To prove that a Feller process is strong Markov, it is not the continuity
of $P_tf(x)$ in $t$ that is important, rather the continuity in $x$. That is, we use that $P_t$ maps bounded continuous functions back into bounded continuous functions.
Here is a sketch of the usual proof: Let $T$ be $({\cal G}_{t})$-optional, and let $T_n$ be the standard dyadic approximations to $T$,
so that, each $T_n$ is $({\cal G}_t)$-optional and $T_n\downarrow T$ on $\{T<\infty\}$.

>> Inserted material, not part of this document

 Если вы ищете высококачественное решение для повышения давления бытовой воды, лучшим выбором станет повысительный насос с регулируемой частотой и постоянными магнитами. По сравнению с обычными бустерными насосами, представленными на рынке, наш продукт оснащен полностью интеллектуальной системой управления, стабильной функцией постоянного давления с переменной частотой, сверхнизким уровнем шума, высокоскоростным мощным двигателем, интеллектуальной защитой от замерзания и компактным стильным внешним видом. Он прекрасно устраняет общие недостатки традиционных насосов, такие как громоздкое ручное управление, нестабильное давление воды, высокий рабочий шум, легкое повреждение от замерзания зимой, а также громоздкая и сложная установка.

Fix $u\geq 0$ and $f\in C_b(E)$. Then, by the Markov property over $({\cal G}_t)$ we have
\begin{eqnarray*} \mathbb{E}(f(X_{u+T_n})1_{\{T<\infty\}})
&=&\sum_{k=1}^\infty \mathbb{E}(f(X_{u+k/2^n})1_{\{T_n=k/2^n\}})\\
&=&\sum_{k=1}^\infty \mathbb{E}(P_uf(X_{k/2^n})1_{\{T_n=k/2^n\}})\\[5pt]

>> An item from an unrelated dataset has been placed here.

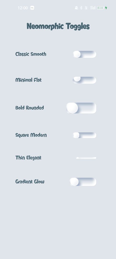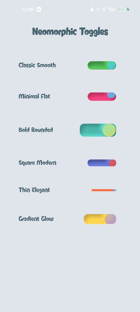 · 7 Distinct Animation Styles · Rotate: 360-degree knob rotation with smooth acceleration · Jump: Vertical bounce effect with natural gravity simulation · Bounce: Playful spring-like motion at the endpoint · Pulse: Gentle scaling animation for subtle emphasis · Neon: Glow effect with overshoot interpolation for dramatic visuals · Scale: Proportional size transformation during state change · Flip: 3D-style rotation for a card-flip illusion · Complete Visual Customization · Custom colors for both active and inactive states · Automatic shadow generation based on primary color selection · Adjustable corner radius for square, rounded, or circular designs · Real-time color interpolation during state transitions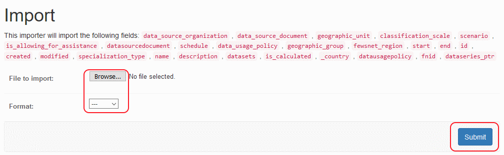 Users can upload/import a bulk file containing the columns: data_source_organization, data_source_document, geographic_unit, classification_scale, scenario, is_allowing_for_assistance, collection_date, start_date, period_date, datapoint_status, value, dataseries, datacollectionperiod, datacollection, collection_name, period_notes, id, created, modified, status, status_changed, specialization_type, description, high_value, ci95_low, ci95_high into the system using the Import functionality in the system.

&=& \mathbb{E}(P_uf(X_{T_n})1_{\{T<\infty\}}).
\end{eqnarray*}
Since $P_uf$ is a bounded continuous function, and $(X_t)$ has
right continuous paths, letting $n\to\infty$ gives
$$\mathbb{E}(f(X_{u+T})1_{\{T<\infty\}})= \mathbb{E}(P_uf(X_{T})1_{\{T<\infty\}}).$$
This shows that $(X_t)$ is a strong Markov process.

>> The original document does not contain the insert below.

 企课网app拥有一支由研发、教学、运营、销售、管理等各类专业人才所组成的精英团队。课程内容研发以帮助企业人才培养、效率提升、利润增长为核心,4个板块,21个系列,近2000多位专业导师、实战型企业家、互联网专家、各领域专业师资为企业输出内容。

By way of contrast, consider the Markov process $(X_t)$ on $E=[0,\infty)$ that (starting at the origin) spends an
exponential amount of time at the origin, and then moves to the right deterministically at unit speed. It has transition kernel
$$p_t(x,A)=\cases{e^{-t}\delta_0(A)+\int_0^t e^{-z}\delta_{t-z}(A)\,dz&if $x=0$\cr
\delta_{t+x}(A)&if $x>0$.}$$
For a bounded, measurable $f$ on $E$ we have
$$p_tf(x)=\cases{e^{-t}f(0)+\int_0^t e^{-z} f(t-z)\,dz&if $x=0$\cr
f(t+x)&if $x>0$.}$$
Notice that even if $f$ is continuous, $p_tf(x)$ will typically have a
discontinuity at $x=0$ for $t>0$. The right hand limit is $\lim_{x\downarrow 0}p_tf(x)=f(t)$, while its value $p_tf(0)$ is a weighted average of $f$
over the interval $[0,t]$.
This process $(X_t)$ has continuous sample paths, is not Feller, nor is it strong Markov.